Your task:
Copy nothing from the entries below except the lines from the one containing "ストレッチ性のあるリブジャー" through the one containing "indigo blue frayed", and copy those exactly.

Records supplied:
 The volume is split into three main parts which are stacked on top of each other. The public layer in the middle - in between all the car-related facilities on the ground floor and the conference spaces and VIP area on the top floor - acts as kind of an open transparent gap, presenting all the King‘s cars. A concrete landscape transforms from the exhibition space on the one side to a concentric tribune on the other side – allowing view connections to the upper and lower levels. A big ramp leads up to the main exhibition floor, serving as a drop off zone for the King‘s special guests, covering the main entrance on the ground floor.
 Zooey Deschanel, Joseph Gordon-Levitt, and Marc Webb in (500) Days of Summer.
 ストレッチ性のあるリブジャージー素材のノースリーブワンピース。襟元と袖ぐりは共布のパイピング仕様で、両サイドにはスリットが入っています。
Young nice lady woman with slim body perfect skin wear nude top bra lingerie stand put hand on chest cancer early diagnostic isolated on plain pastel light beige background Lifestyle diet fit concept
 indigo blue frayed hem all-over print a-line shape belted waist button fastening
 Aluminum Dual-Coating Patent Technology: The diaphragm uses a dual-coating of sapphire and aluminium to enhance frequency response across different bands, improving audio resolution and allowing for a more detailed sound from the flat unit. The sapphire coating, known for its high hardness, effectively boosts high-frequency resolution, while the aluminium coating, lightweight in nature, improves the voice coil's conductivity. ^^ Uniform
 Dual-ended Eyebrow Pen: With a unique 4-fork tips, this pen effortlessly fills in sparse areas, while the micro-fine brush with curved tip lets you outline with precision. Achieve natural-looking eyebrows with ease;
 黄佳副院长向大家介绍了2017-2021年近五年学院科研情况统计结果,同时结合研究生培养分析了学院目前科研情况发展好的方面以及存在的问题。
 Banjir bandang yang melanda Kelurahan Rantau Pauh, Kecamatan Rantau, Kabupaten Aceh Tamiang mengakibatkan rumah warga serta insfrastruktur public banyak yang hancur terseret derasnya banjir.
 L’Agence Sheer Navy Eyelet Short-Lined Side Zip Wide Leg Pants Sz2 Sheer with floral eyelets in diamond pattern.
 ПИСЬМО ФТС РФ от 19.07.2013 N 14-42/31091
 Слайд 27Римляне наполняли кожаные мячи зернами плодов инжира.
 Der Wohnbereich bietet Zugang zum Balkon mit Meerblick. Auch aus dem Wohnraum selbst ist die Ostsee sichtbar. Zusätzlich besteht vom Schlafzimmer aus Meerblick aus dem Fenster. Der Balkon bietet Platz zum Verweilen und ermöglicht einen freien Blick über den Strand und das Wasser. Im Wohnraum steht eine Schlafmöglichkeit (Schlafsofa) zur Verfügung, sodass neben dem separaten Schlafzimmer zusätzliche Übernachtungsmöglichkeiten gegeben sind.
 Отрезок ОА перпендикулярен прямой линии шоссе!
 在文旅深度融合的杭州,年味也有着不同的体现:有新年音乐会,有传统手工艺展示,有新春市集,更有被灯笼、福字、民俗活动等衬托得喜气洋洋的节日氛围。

Task answer:
 ストレッチ性のあるリブジャージー素材のノースリーブワンピース。襟元と袖ぐりは共布のパイピング仕様で、両サイドにはスリットが入っています。
Young nice lady woman with slim body perfect skin wear nude top bra lingerie stand put hand on chest cancer early diagnostic isolated on plain pastel light beige background Lifestyle diet fit concept
 indigo blue frayed hem all-over print a-line shape belted waist button fastening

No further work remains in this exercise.